### [Directions]
Give back exactly the lines of the data below, starting with the line that has "Mini-tool convenience with" and going on through the line that has "秋冬來臨,身材高挑的他以基本".

### [Recorded information]
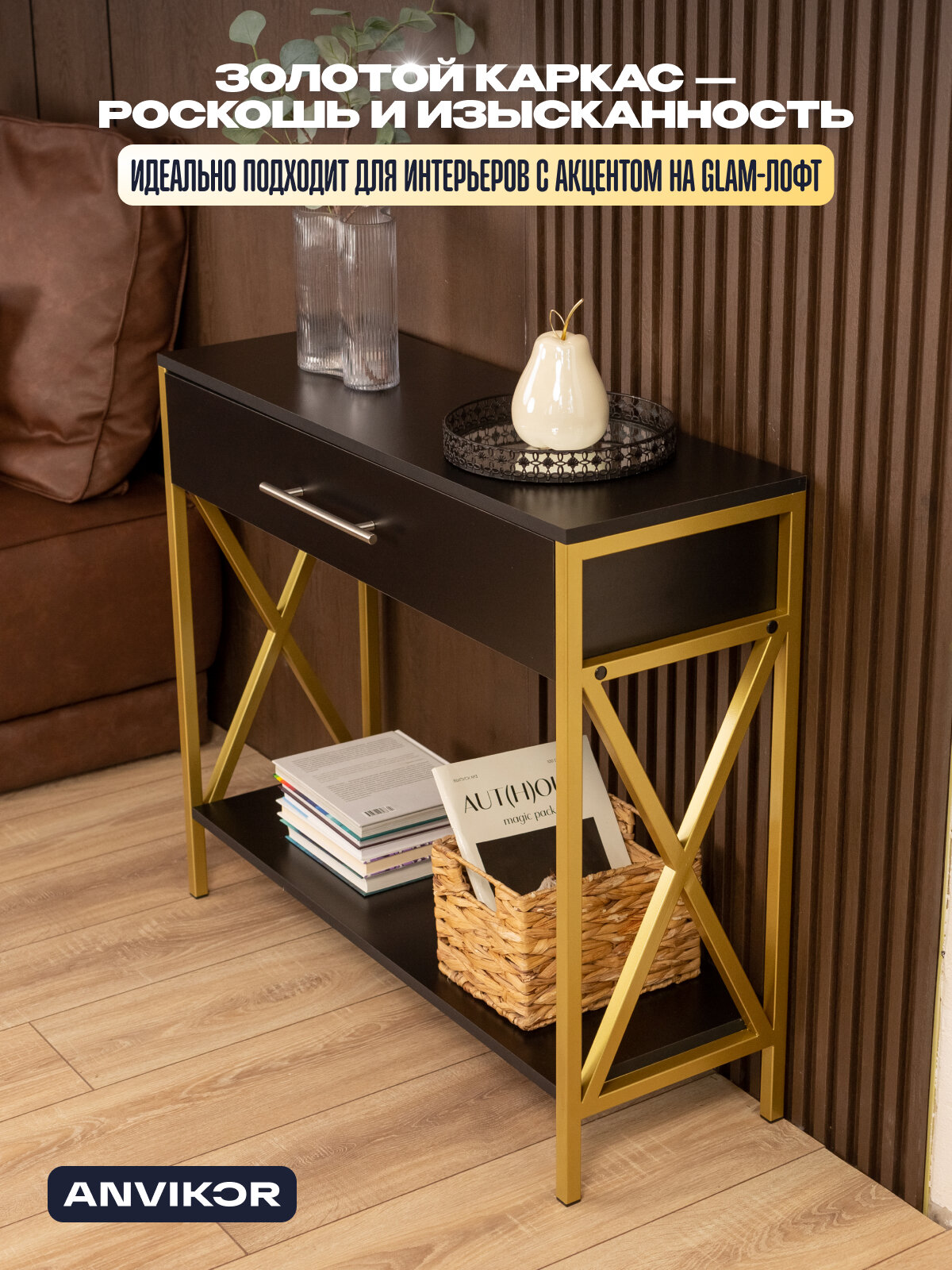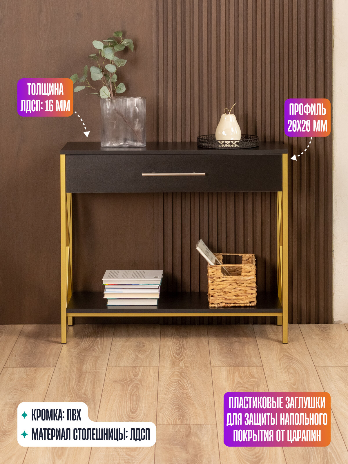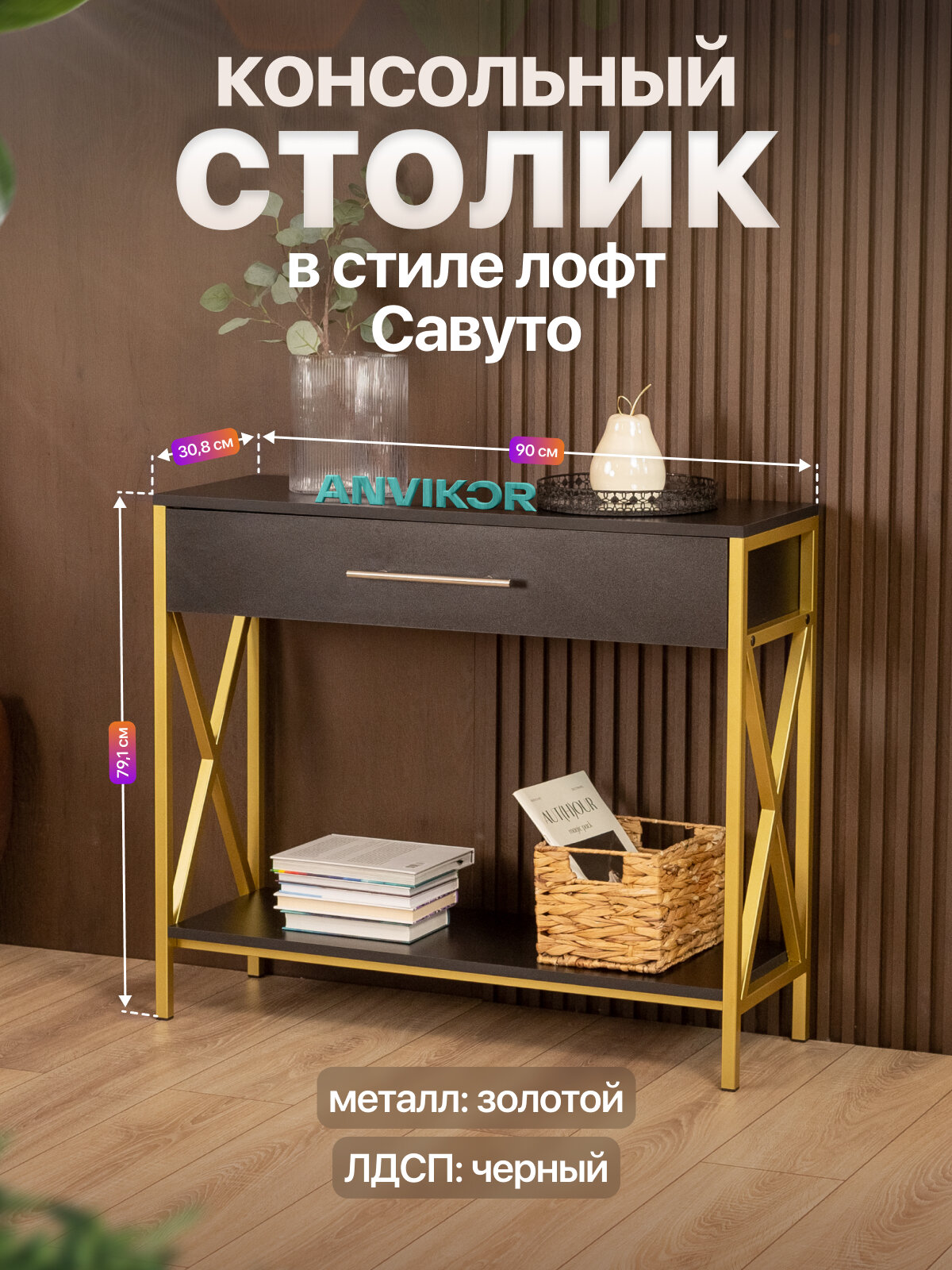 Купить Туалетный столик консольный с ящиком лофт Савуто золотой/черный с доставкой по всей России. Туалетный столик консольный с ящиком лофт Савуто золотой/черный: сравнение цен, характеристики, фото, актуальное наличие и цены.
---
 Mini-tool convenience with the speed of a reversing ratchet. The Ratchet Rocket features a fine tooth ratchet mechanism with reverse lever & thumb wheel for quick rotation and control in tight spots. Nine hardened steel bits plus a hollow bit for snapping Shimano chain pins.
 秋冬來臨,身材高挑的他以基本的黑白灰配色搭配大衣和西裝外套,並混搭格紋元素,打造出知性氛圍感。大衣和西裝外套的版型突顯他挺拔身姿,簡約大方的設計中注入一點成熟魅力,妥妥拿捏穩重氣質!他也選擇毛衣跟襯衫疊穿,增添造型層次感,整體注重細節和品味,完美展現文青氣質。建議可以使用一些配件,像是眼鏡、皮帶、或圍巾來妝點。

### [Exercise response]
 Mini-tool convenience with the speed of a reversing ratchet. The Ratchet Rocket features a fine tooth ratchet mechanism with reverse lever & thumb wheel for quick rotation and control in tight spots. Nine hardened steel bits plus a hollow bit for snapping Shimano chain pins.
 秋冬來臨,身材高挑的他以基本的黑白灰配色搭配大衣和西裝外套,並混搭格紋元素,打造出知性氛圍感。大衣和西裝外套的版型突顯他挺拔身姿,簡約大方的設計中注入一點成熟魅力,妥妥拿捏穩重氣質!他也選擇毛衣跟襯衫疊穿,增添造型層次感,整體注重細節和品味,完美展現文青氣質。建議可以使用一些配件,像是眼鏡、皮帶、或圍巾來妝點。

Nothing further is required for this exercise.